### Dataset content
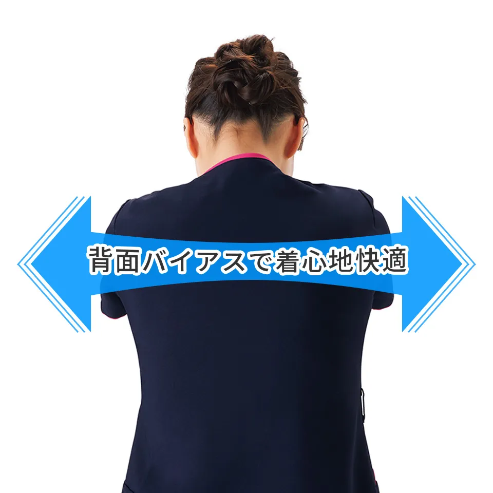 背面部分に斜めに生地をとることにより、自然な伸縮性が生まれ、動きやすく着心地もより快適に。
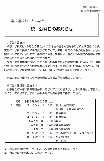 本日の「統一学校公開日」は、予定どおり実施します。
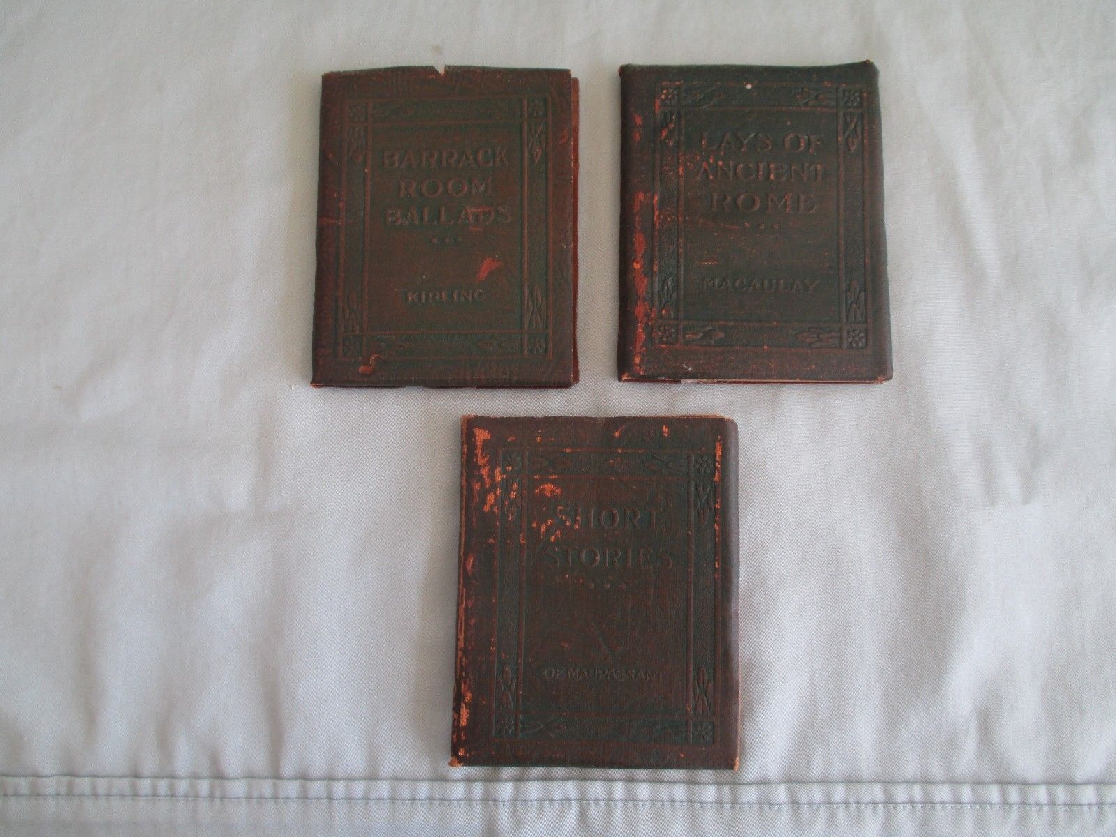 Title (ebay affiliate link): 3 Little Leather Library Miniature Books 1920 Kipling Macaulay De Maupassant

### Goal of the exercise
Pictures aside, reproduce all of the data exactly.

### Exercise answer
 背面部分に斜めに生地をとることにより、自然な伸縮性が生まれ、動きやすく着心地もより快適に。
 本日の「統一学校公開日」は、予定どおり実施します。
 Title (ebay affiliate link): 3 Little Leather Library Miniature Books 1920 Kipling Macaulay De Maupassant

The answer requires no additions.